** DATA **
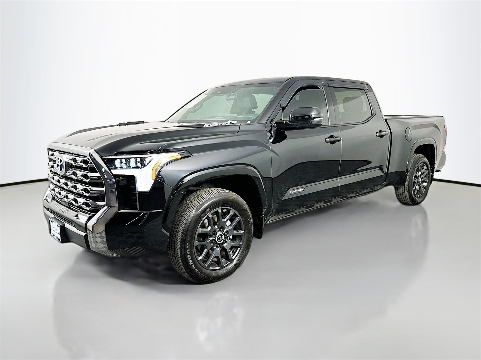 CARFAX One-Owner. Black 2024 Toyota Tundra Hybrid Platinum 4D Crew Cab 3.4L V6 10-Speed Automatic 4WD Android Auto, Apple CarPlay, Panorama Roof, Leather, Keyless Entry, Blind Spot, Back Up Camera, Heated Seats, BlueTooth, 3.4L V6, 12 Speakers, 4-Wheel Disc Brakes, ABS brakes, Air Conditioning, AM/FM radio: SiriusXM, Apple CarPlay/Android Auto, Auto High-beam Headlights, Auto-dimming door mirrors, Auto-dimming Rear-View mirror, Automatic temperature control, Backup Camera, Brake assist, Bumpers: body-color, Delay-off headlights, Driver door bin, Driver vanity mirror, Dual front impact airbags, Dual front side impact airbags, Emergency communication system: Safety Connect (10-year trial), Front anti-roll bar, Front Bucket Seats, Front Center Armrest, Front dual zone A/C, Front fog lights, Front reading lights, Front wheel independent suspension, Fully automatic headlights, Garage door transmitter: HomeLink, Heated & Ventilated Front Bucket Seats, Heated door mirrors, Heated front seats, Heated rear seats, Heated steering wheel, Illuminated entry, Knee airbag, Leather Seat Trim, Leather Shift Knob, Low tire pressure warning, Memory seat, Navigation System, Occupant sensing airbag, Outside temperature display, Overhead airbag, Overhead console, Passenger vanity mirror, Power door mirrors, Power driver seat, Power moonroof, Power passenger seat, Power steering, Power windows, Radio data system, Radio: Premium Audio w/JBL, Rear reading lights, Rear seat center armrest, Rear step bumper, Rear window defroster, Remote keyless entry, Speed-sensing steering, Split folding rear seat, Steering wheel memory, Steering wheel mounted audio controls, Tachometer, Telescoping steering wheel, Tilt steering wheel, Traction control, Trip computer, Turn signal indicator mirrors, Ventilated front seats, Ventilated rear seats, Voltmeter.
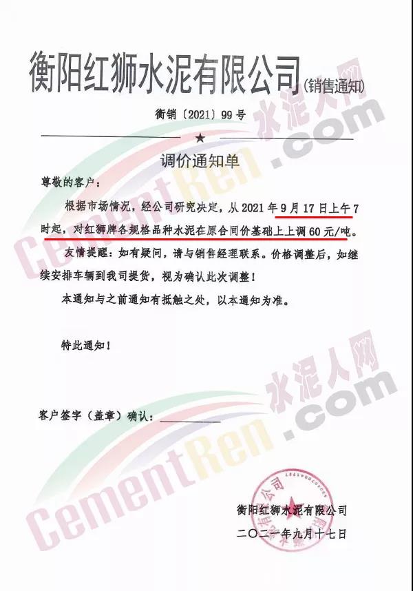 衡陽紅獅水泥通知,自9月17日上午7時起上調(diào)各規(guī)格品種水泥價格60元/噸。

==

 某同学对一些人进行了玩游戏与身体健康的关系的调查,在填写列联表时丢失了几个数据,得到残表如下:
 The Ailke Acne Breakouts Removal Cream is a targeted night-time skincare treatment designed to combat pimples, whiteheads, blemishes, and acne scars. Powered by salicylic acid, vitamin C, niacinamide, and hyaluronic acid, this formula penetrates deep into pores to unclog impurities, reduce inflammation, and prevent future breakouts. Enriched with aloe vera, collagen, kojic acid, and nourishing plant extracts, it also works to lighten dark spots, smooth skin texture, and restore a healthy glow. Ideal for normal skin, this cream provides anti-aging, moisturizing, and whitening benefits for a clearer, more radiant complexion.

** INSTRUCTIONS FOR THE TASK **
The output should be exactly the lines above from the line containing "某同学对一些人进行了玩游戏与" to the line containing "The Ailke Acne", inclusive, with no other lines.

** SOLUTION TO THE EXERCISE **
 某同学对一些人进行了玩游戏与身体健康的关系的调查,在填写列联表时丢失了几个数据,得到残表如下:
 The Ailke Acne Breakouts Removal Cream is a targeted night-time skincare treatment designed to combat pimples, whiteheads, blemishes, and acne scars. Powered by salicylic acid, vitamin C, niacinamide, and hyaluronic acid, this formula penetrates deep into pores to unclog impurities, reduce inflammation, and prevent future breakouts. Enriched with aloe vera, collagen, kojic acid, and nourishing plant extracts, it also works to lighten dark spots, smooth skin texture, and restore a healthy glow. Ideal for normal skin, this cream provides anti-aging, moisturizing, and whitening benefits for a clearer, more radiant complexion.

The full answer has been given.